Artillery: 1.6.0-28 Node.js: v12.2.0 OS: darwin/x64

My config looks something like:

config:
  target: "https://example.com"
  phases:
    - duration: 60
      arrivalRate: 20
  defaults:
    headers:
      x-api-key: 'XXXXXXX'
scenarios:
    flow:
      - get:
          url: "/example"
          qs:
            foo: "bar"

The issue is intermittent (occurring ~2/3rds of the time). Below are two runs, one run immediately after the other with no config changes.

Run no. 1 (error)

$ artillery run example.yml

Started phase 0, duration: 60s @ 16:57:05(+0100) 2019-05-20
Report @ 16:57:15(+0100) 2019-05-20
Elapsed time: 10 seconds
  Scenarios launched:  199
  Scenarios completed: 0
  Requests completed:  0
  RPS sent: 20.1
  Request latency:
    min: NaN
    max: NaN
    median: NaN
    p95: NaN
    p99: NaN

Run no. 2 (success)

$ artillery run example.yml

Started phase 0, duration: 60s @ 16:57:17(+0100) 2019-05-20
Report @ 16:57:27(+0100) 2019-05-20
Elapsed time: 10 seconds
  Scenarios launched:  199
  Scenarios completed: 86
  Requests completed:  86
  RPS sent: 20.12
  Request latency:
    min: 124.4
    max: 202.6
    median: 137.4
    p95: 182.5
    p99: 201.6
  Codes:
    200: 86

If I get to the bottom of it I'll post here. If you have any ideas about what I might be doing wrong, or if I can provide any more information please let me know!

Thanks

JoeScho avatar May 20 '19 16:05 JoeScho

I seem to be seeing the same issue, but have a bit more info that might be useful. First, see this screenshot, showing the issue with the hung test:

Screenshot_1

The log output on the service has stopped, all the received requests have completed successfully. The test runner itself is in the hung state and sending no more requests (the test should have ended at 1 minute).
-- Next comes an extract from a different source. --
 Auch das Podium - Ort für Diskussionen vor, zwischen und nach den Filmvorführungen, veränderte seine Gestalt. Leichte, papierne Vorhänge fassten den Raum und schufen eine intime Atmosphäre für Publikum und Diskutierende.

The interesting part is that, when I kill the test runner, it seems like one last small batch of requests is fired off just before artillery exits:

Screenshot_2

Notice the last two requests in the server log, that are received immediately upon killing artillery. You can also see that these requests are then immediately aborted (the finished=false implying that the connection was closed on these requests before a response was sent, likely because artillery exited).
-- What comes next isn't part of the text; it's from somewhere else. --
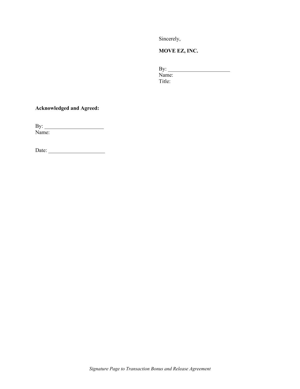 Signature Page to Transaction Bonus and Release Agreement Sincerely, MOVE EZ, INC. By: _______________________ Name: Title: Acknowledged and Agreed: By: ______________________ Name: Date: _____________________

My guess would be that artillery is hung because it's waiting for these requests, but the requests were never actually sent. And then killing the process causes them to somehow get flushed out and finally sent.

kbjr avatar Dec 15 '19 21:12 kbjr

This is so annoying issue :sob:

I have artillery for stress tests and I want to find a limits of server - and artillery found it, but I am not able to get some reasonable output from artillery due this issue.
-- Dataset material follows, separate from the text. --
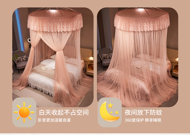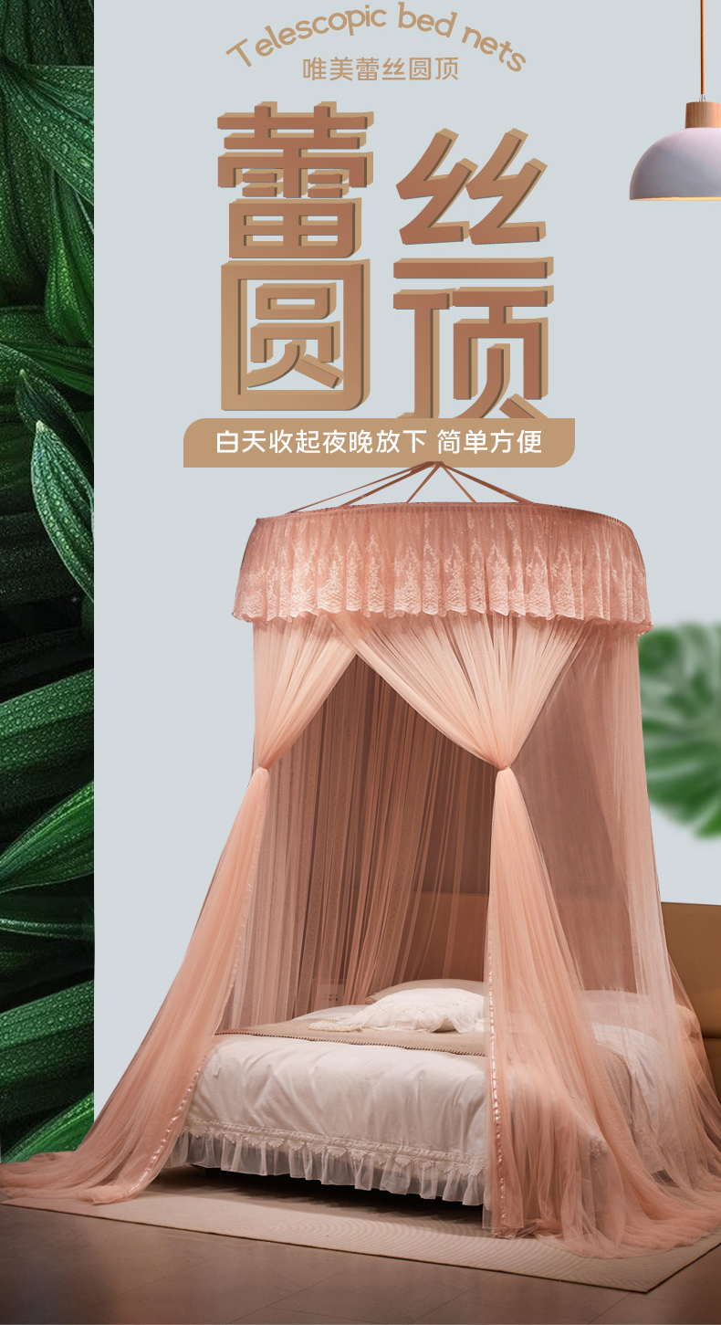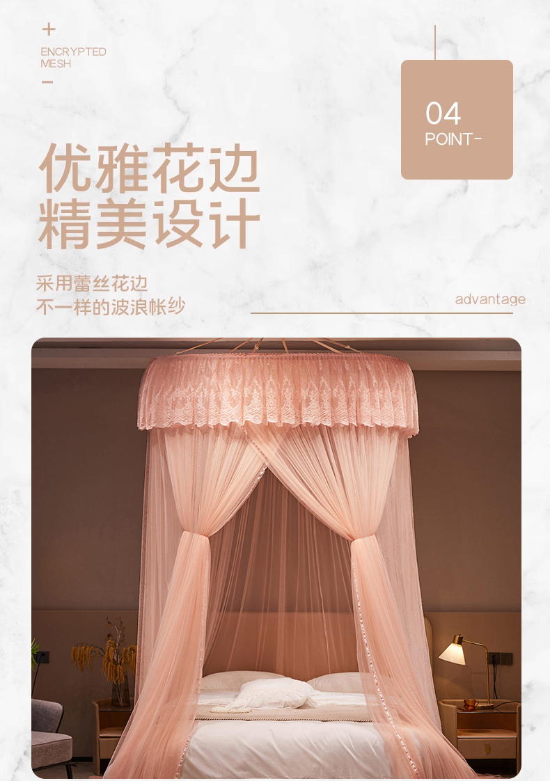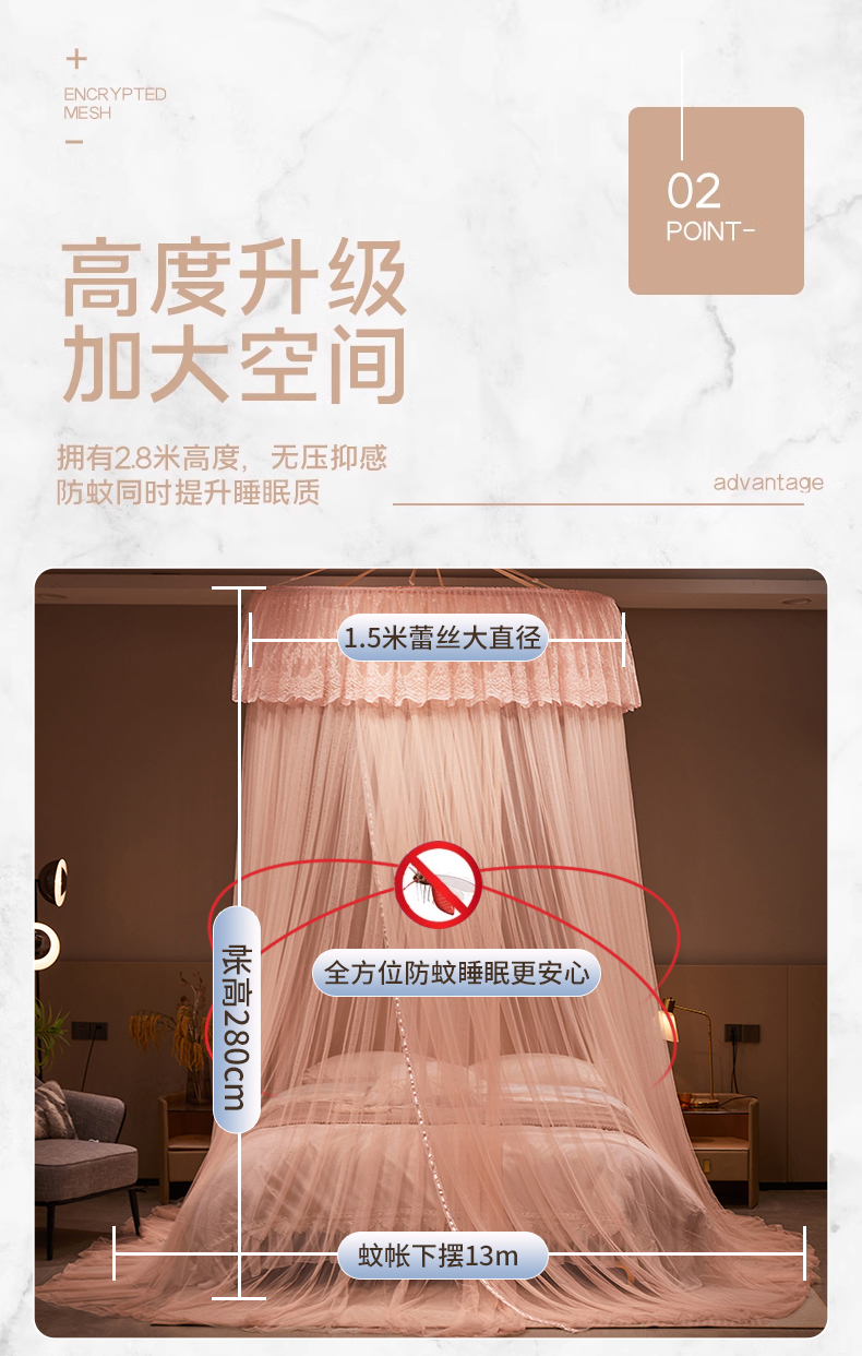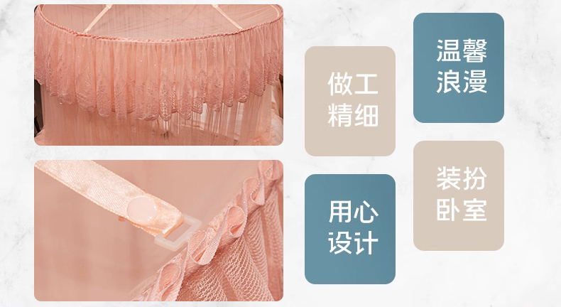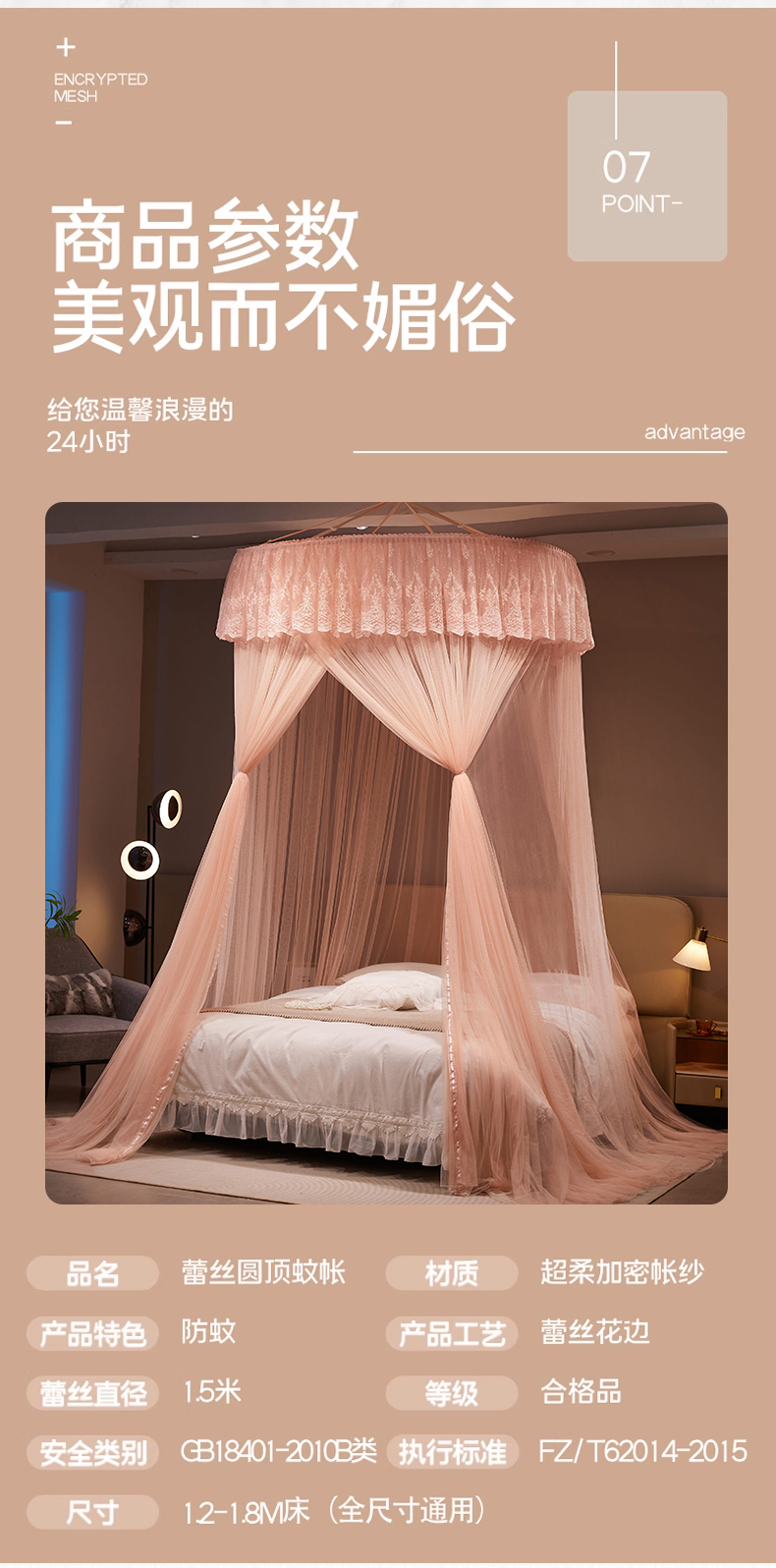 商品名称:雪姿家纺 2024新款唯美蕾丝圆顶蚊帐-颜汐 颜汐-暖玉

My setup - I run this 2x parallel in docker containers to avoid problems with CPU overload.

config:
  target: "ws://raspberry:3000/ws?templateId=1&username=JakeTheDog"
  phases:
    - duration: 120
      arrivalRate: 30
      name: "Stress creating connection"
  processor: "./utils/elasticsearch.js"

scenarios:
  - engine: "ws"
    flow:
      - send: "ping pong"
      - think: 1

The problem begins when the server begins to have data processing problems and starts to have timeouts and eventually crashes. After that, artillery starts show

Report @ 14:05:46(+0000) 2020-01-17
Elapsed time: 11 minutes, 10 seconds
  Scenarios launched:  0
  Scenarios completed: 0
  Requests completed:  0
  RPS sent: NaN
  Request latency:
    min: NaN
    max: NaN
    median: NaN
    p95: NaN
    p99: NaN

Any solution for that? It is so annoying due I send results from artillery to elasticsearch and now, it doesn't send anything.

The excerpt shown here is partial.